Antibiotic resistance was highly prevalent in the isolates examined here. Our network analysis of resistance genes and phenotypic resistance of isolates revealed two main clusters. There was a strongly correlated cluster of genes conferring phenotypic resistance to typical ‘hospital’ antibiotics, such as third-generation cephalosporins, aminoglycosides and β-lactamase-resistant penicillins. This is strong evidence that within this setting, use of these antibiotics is generating cross-resistance to other unrelated antibiotics, most likely through selection of plasmids containing multiple antibiotic-resistance determinants. This phenomenon also is seen with the predominantly ‘community’ utilized antibiotics trimethoprim and amoxicillin. However, in these cases, the co-selected genes mediate resistance to aminoglycosides that are not currently used to any degree in Scotland (e.g. streptomycin). However, if, say, an integron mediating trimethoprim resistance were to acquire a resistance gene to a more commonly used antibiotic, then this could be strongly selected by trimethoprim use.

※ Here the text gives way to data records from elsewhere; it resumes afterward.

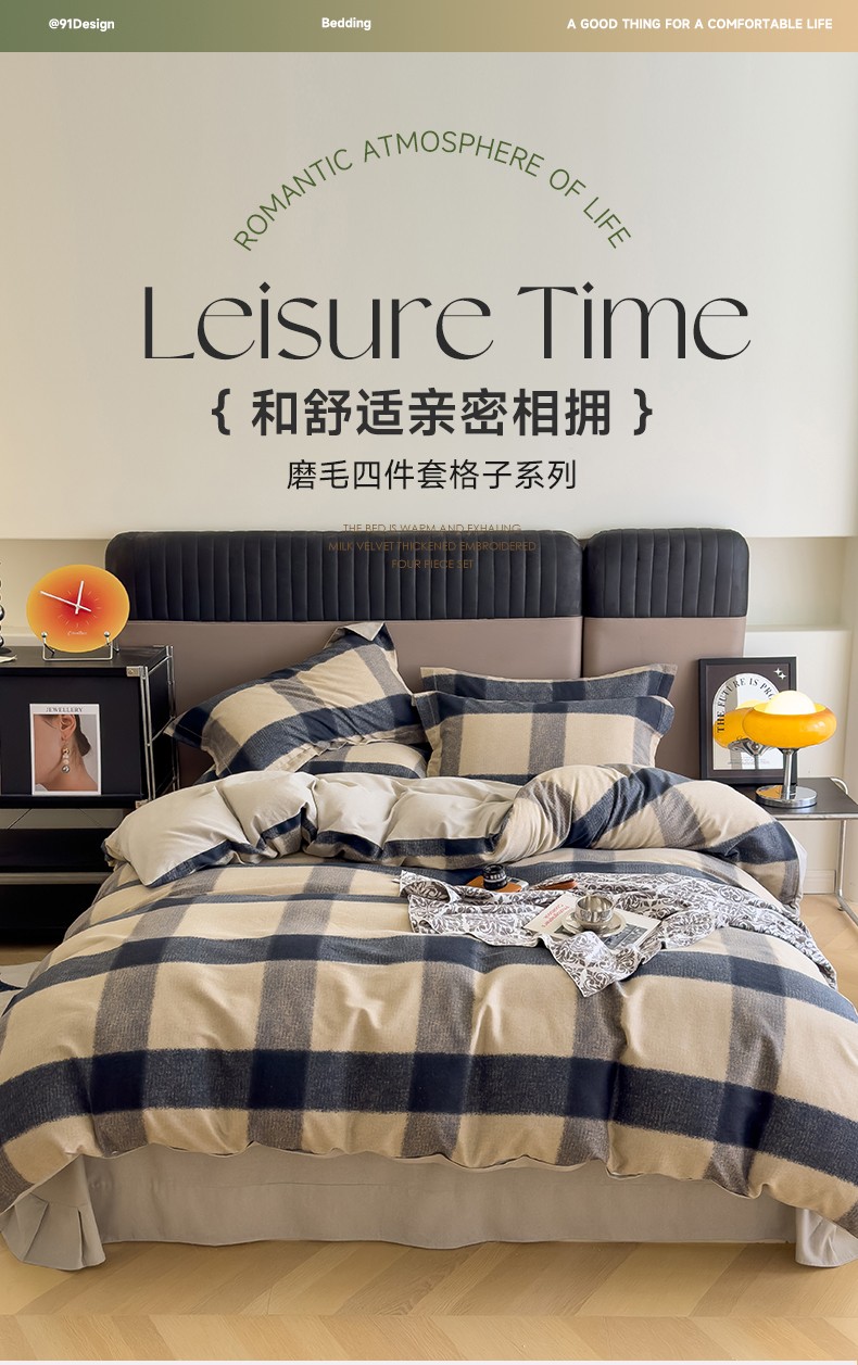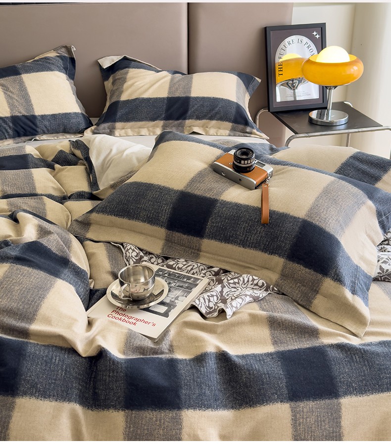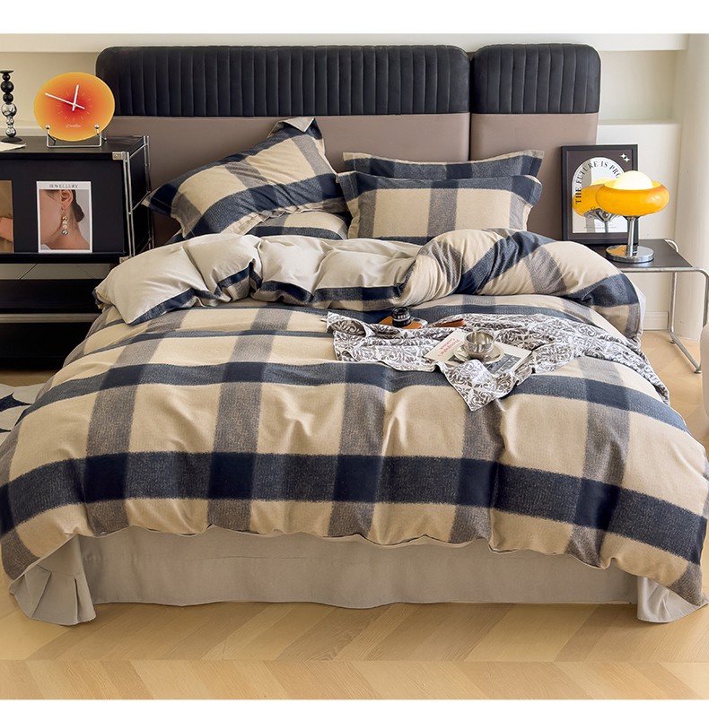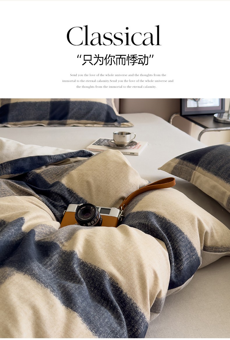 佰亿莱 2024直播爆款简约风全棉磨毛四件套格子系列 黑大格
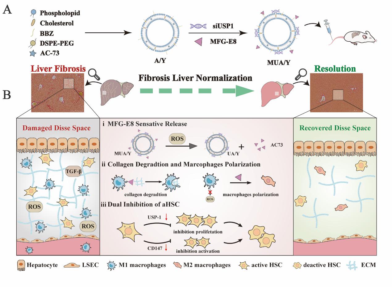 晚期肝纤维化中,髓源巨噬细胞被招募至肝脏后极化为促炎表型并分泌促炎因子维持肝脏炎症环境,同时炎症诱导肝星状细胞增殖和活化及细胞外基质沉积,导致纤维化严重程度加剧。然而,由于巨噬细胞表型调节的难度和复杂性,以及细胞外基质屏障导致的治疗效果不足,目前仍没有有效的策略来调节巨噬细胞。针对该问题,姜虎林教授团队构建一种基于调控自体巨噬细胞表型转化的脂质纳米颗粒(MUA/Y),诱导巨噬细胞向抗炎表型转化并训练其成为原位胶原清除器,同时诱导肝星状细胞静息,三管齐下实现晚期肝纤维化的治疗。
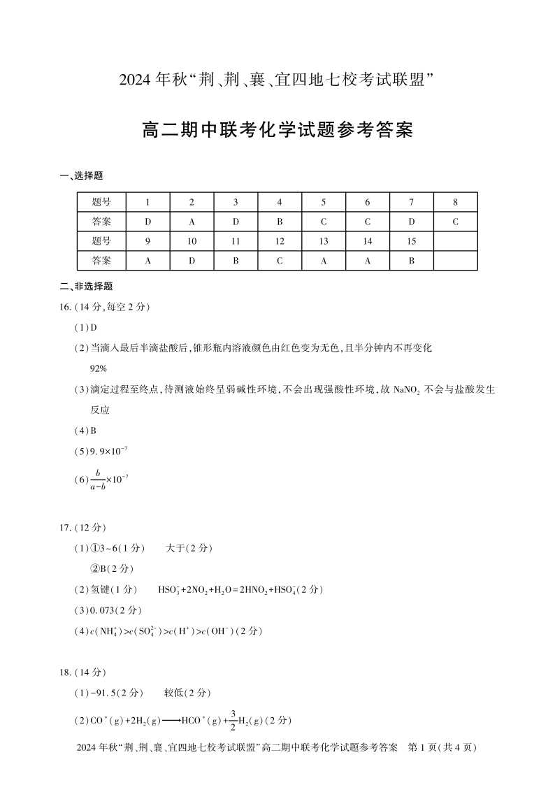 2024年秋“荆、荆、襄、宜四地七校考试联盟”高二年级期中联考 化学答案

The CTXM-15 extended spectrum β-lactamase was found almost exclusively in ST131 isolates of clade C2, but was present in one isolate ST131 clade A and one isolate of ST405. This gene is widespread in isolates of ST131 and is of high clinical significance given that it confers resistance to the widely used 3rd generation cephalosporins cefotaxime and ceftazidime. CTX-M15 has also been reported in ST405 and other isolates [65]. The CTXM group of genes originated from chromosomal β-lactamases present in species of the microbial genus Kluyvera. The spread within ST131 occurred during the 1990s and it is now present worldwide [66], but its presence of this gene in ST405 and other STs suggests that it has the potential to become even more widespread.

Outcome of the patients studied here after the isolation of the infecting E. coli showed no significant dependence on ST. Patients with HAIs fared worse than those with infections acquired from the community; the excess mortality was in the first 90 days after infection suggesting a causal link. Patients who had a catheter also fared worse in the initial 90 days. However, it proved difficult to establish from patients’ notes exactly when catheters were placed. Since more severely ill patients may be catheterized by preference, the causal link with catheterization will require further study. In multivariate analysis, apart from catheterization, a respiratory source of infection was also a risk factor for death within 6 months. Previous studies have identified non-urinary source as a risk factor for death [67], and a comprehensive study in France showed a number of host factors and portal of entry were more important than bacterial determinants as predictors of death [68]. The association with a respiratory source has not previously been specifically identified.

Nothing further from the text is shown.